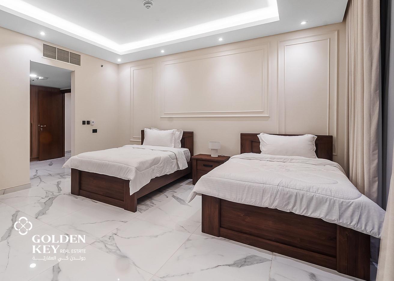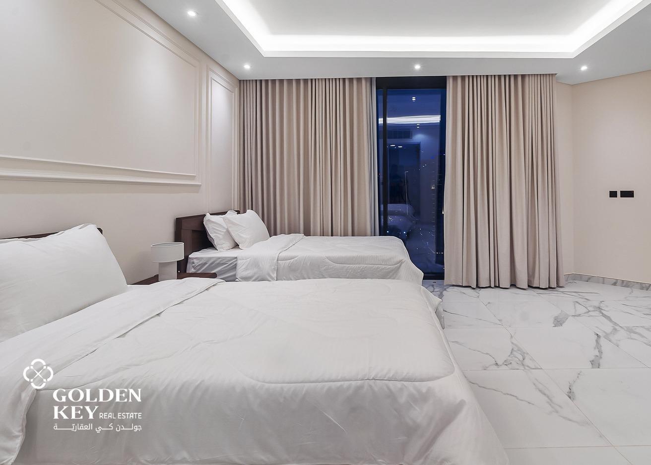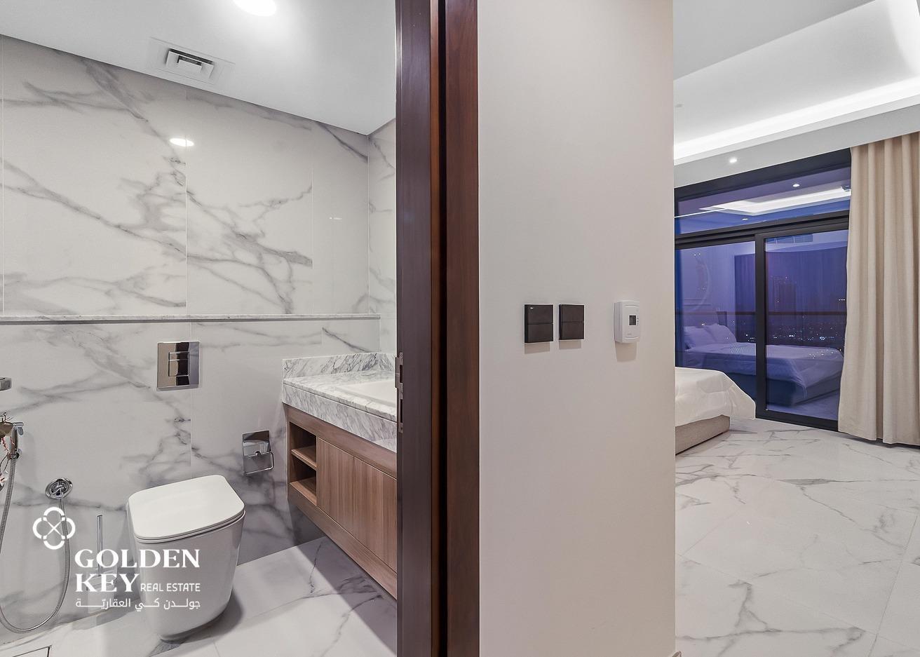 2 Bedroom: Spacious and elegantly designed with a comfortable king-sized bed, built-in wardrobes, and large windows offering stunning views of the marina.
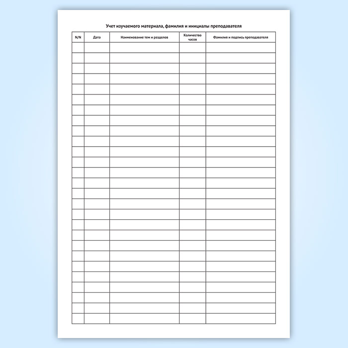 Учет изучаемого материала, фамилия и инициалы преподавателя
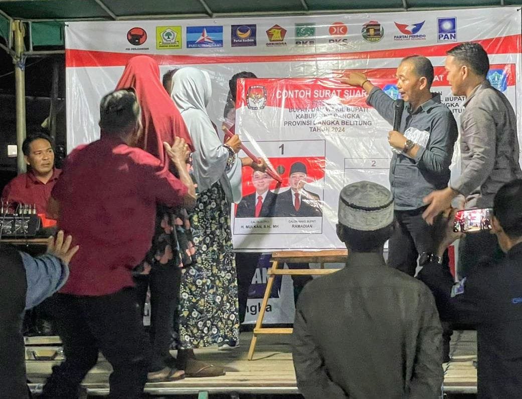 “Kampanye terbuka pasangan Mapan tersebut dihadiri oleh ratusan Simpatisan, pendukung yang berasal dari warga Belinyu, antusias masyarakat terhadap Mulkan, Ramadian, terlihat sangat luar biasa, tak pelak masyarakat yang hadir pada saat kampanye menyatakan sikap mendukung penuh pasangan calon Mapan, dan mereka pun berjanji memenangkan paspor tersebut di Pilkada serentak 2024 Nanti,
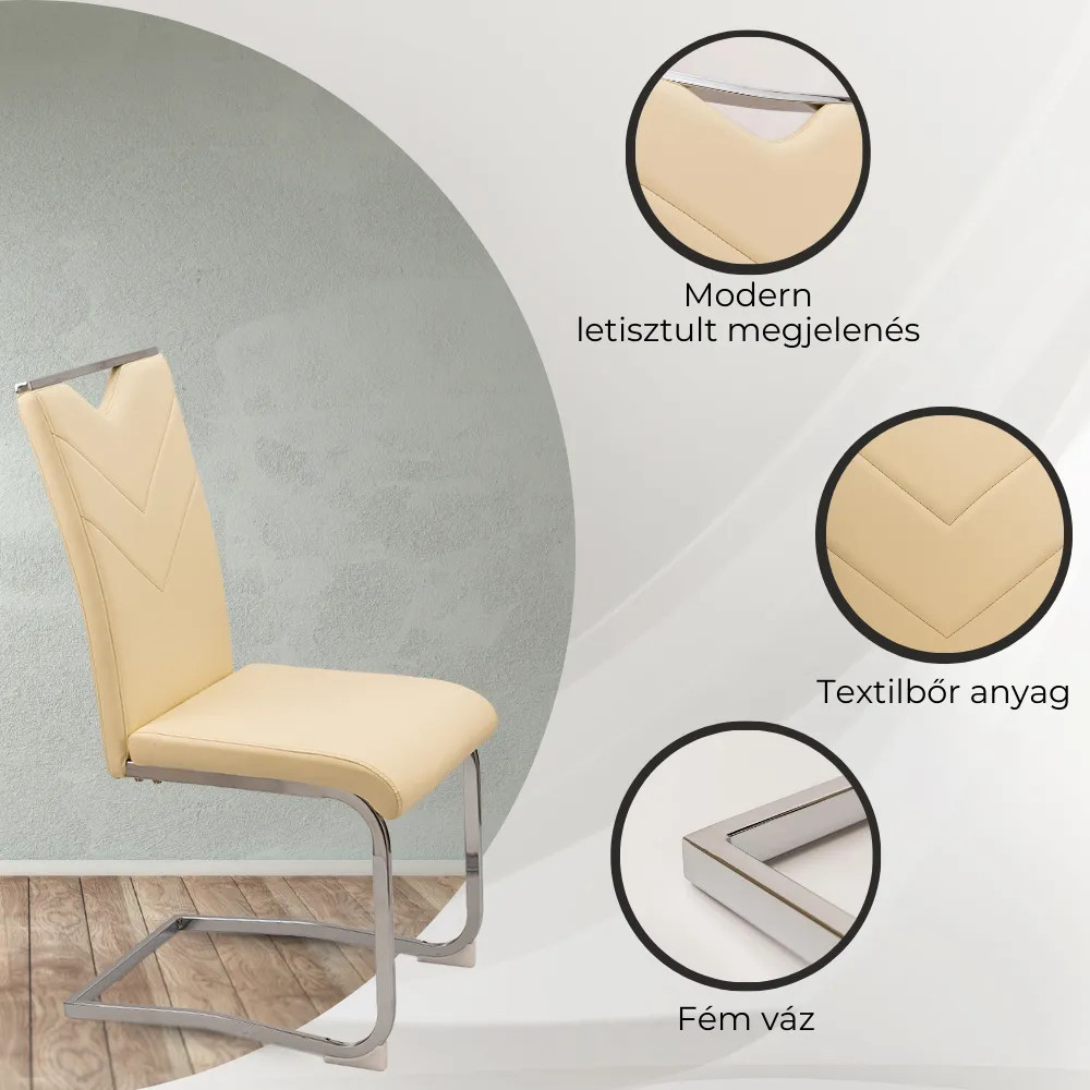 Scaunele de sufragerie Letti au un aspect curat și modern, garantând crearea unei atmosfere speciale în orice sufragerie. La proiectarea scaunelor, s-a acordat o atenție deosebită atât aspectului, cât și designului, pentru a oferi confort maxim utilizatorului. Pentru suprafața de ședere a fost folosită piele textilă, iar pentru picioarele și structura scaunului a fost folosit metal. Scaunul este disponibil în patru culori diferite, astfel încât fiecare poate găsi modelul potrivit pentru el. Produsul este livrat montat plat, prevenind orice deteriorare. Asamblarea scaunului nu durează mult.
┄┄┄┄┄┄┄┄┄┄┄┄┄┄┄┄┄┄┄┄
**What this task involves**
The material above is to be output exactly, with each picture left out.

**Response to the exercise**
 2 Bedroom: Spacious and elegantly designed with a comfortable king-sized bed, built-in wardrobes, and large windows offering stunning views of the marina.
 Учет изучаемого материала, фамилия и инициалы преподавателя
 “Kampanye terbuka pasangan Mapan tersebut dihadiri oleh ratusan Simpatisan, pendukung yang berasal dari warga Belinyu, antusias masyarakat terhadap Mulkan, Ramadian, terlihat sangat luar biasa, tak pelak masyarakat yang hadir pada saat kampanye menyatakan sikap mendukung penuh pasangan calon Mapan, dan mereka pun berjanji memenangkan paspor tersebut di Pilkada serentak 2024 Nanti,
 Scaunele de sufragerie Letti au un aspect curat și modern, garantând crearea unei atmosfere speciale în orice sufragerie. La proiectarea scaunelor, s-a acordat o atenție deosebită atât aspectului, cât și designului, pentru a oferi confort maxim utilizatorului. Pentru suprafața de ședere a fost folosită piele textilă, iar pentru picioarele și structura scaunului a fost folosit metal. Scaunul este disponibil în patru culori diferite, astfel încât fiecare poate găsi modelul potrivit pentru el. Produsul este livrat montat plat, prevenind orice deteriorare. Asamblarea scaunului nu durează mult.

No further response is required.